AIM OF THE TASK :: Nothing but a verbatim copy of the data, minus the images, should be returned.

COLLECTED MATERIAL ::
--------

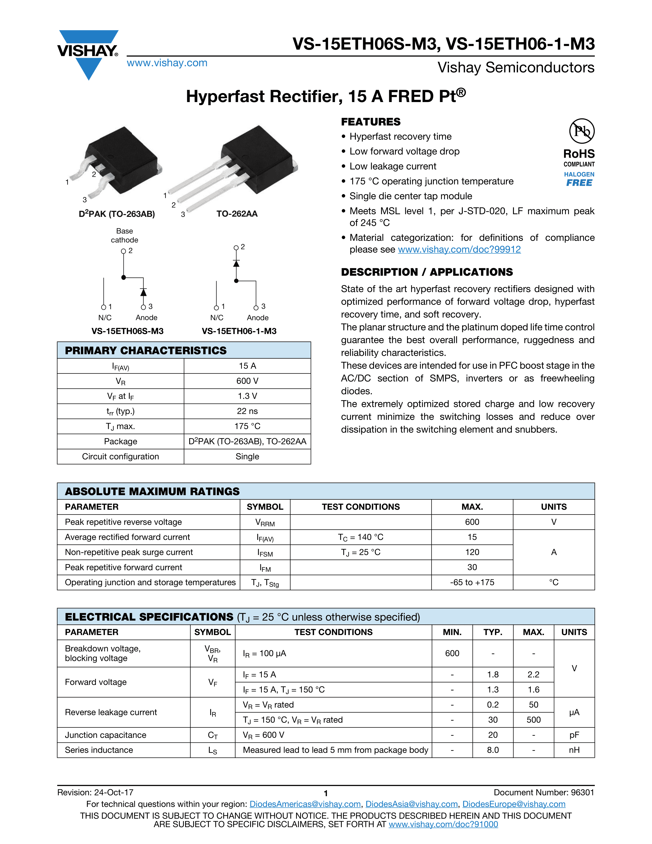 VS-15ETH06S-M3数据手册TO-263AB封装VISHAY(威世)PDF规格书,中英文下载
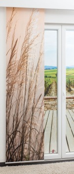 Die Gräser sind in unterschiedlichen Braun- und Beigetönen dargestellt und symbolisieren mit ihrem Farbverlauf die Licht- und Schattenwirkung des beinahe fotografischen Designs. Stimmungsvoll in Szene setzen lässt sich dieser Behang mit warmen Erdtönen, Grün oder Orange. Weitere Gräser als Dekoration intensivieren den natürlichen Ausdruck dieser Fensterdekoration.
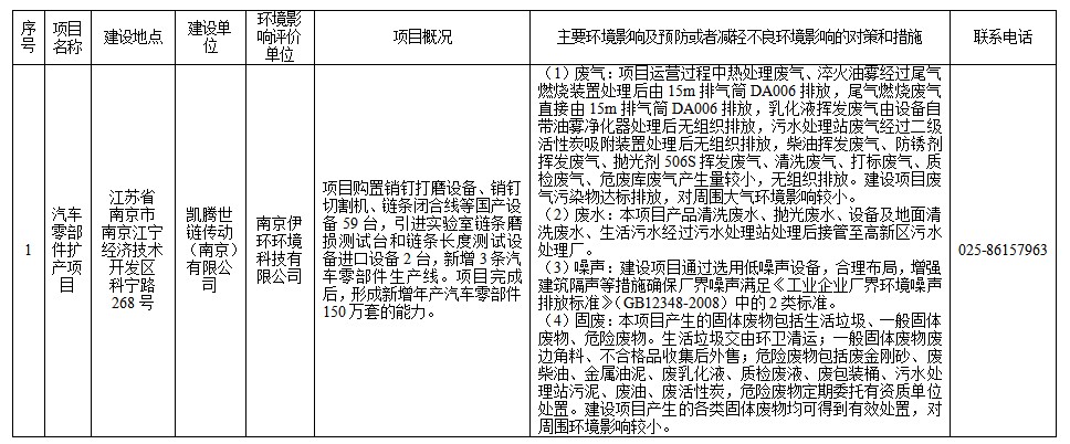******有限公司汽车零部件扩产项目环境影响评价文件进行审查,现将拟审查的环境影响评价文件基本情况予以公示,公示期为2025年9月26日-2025年10月9日(5个工作日)。

--------

EXERCISE RESPONSE ::
 VS-15ETH06S-M3数据手册TO-263AB封装VISHAY(威世)PDF规格书,中英文下载
 Die Gräser sind in unterschiedlichen Braun- und Beigetönen dargestellt und symbolisieren mit ihrem Farbverlauf die Licht- und Schattenwirkung des beinahe fotografischen Designs. Stimmungsvoll in Szene setzen lässt sich dieser Behang mit warmen Erdtönen, Grün oder Orange. Weitere Gräser als Dekoration intensivieren den natürlichen Ausdruck dieser Fensterdekoration.
******有限公司汽车零部件扩产项目环境影响评价文件进行审查,现将拟审查的环境影响评价文件基本情况予以公示,公示期为2025年9月26日-2025年10月9日(5个工作日)。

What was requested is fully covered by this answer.